Total Public Medical Spend – 2010
Total Public Medical Spend – 2030
Total Public Medical Spend – 2050
Medicare A similar graph below shows trends for Medicare only. While some young people are eligible for Medicare, the majority are seniors in the three highest age groups. Here the growth in seniors 85 and older dramatically pushes up costs in the later years. These outer years are where Medicare will certainly have funding problems if no changes are made.
Medicare Spend – 2010
Medicare Spend – 2030
Medicare Spend – 2050
Cost per capita: Medicare provides historical health spending data by age group for selected years through the year 2004. It includes not only Medicare spending but also Medicaid and other public spending. The further provides some statistics on private spending which is outside the scope of this analysis. https://www.cms.gov/NationalHealthExpendData/25_NHE_Fact_Sheet.asp -2004-age-tables.

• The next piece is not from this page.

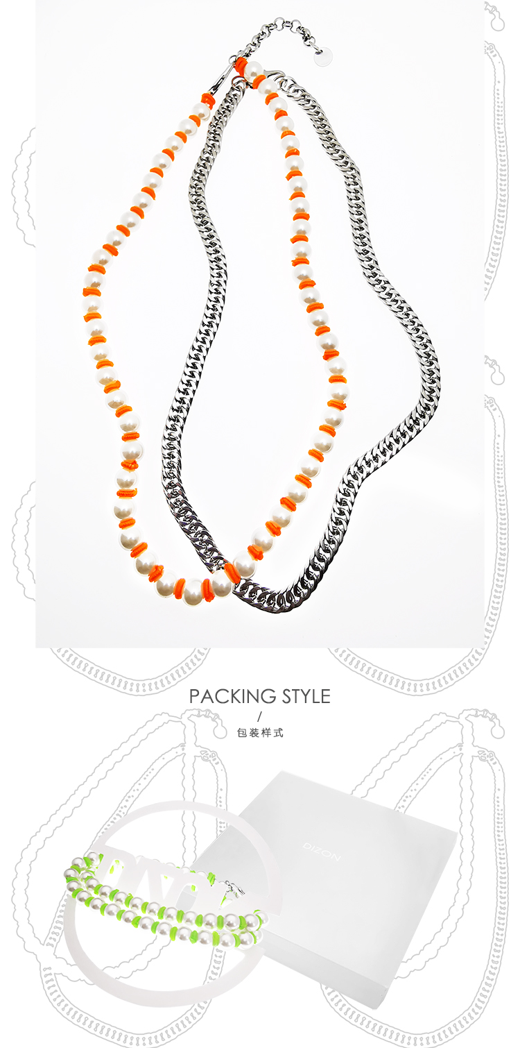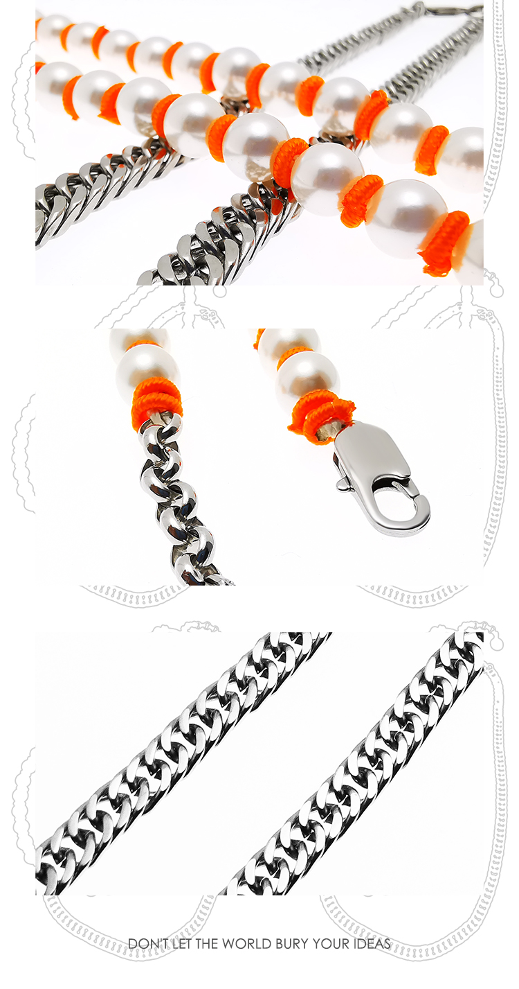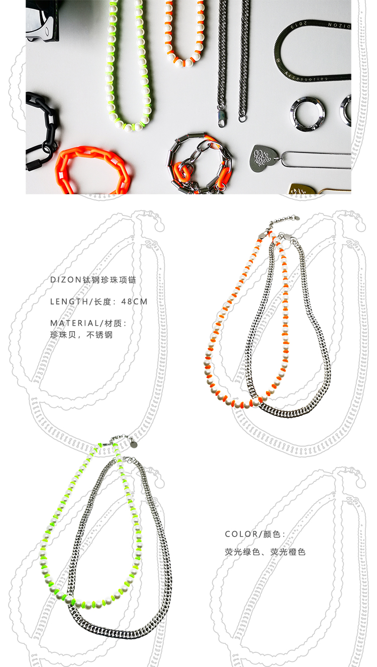 DI ZON高街钛钢hiphop项链嘻哈小众设计冷淡风 欧美男女珍珠项链
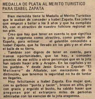 – “Medalla de plata al mérito turístico para Isabel Zapata”, Aragón exprés, 24 de julio de 1973, p. 7.

The age groups are 0 to 18, 19 to 44, 45 to 54, 55 to 64, 65 to 74, 75 to 84, and 85 and older. Per-capita medical spending by age looks something like a hockey stick with a long period with low medical costs and a sharp cost increase in a person’s senior years.
Population forecasts: The United States Census Bureau projects population by ages 0 to 100 out to the year 2050. http://www.census.gov/popest/datasets.html – (NST-EST2009-alldata). This analysis combines the individual wages by the above Medicare age groups to get a comparable grouping of ages and costs.
Since medical costs and early years are low and climb only gradually, this analysis combines the costs of the first three groups into a single group 0 to 54 years old. This group is volume waited using the population from each group to compute the overall average per-capita cost.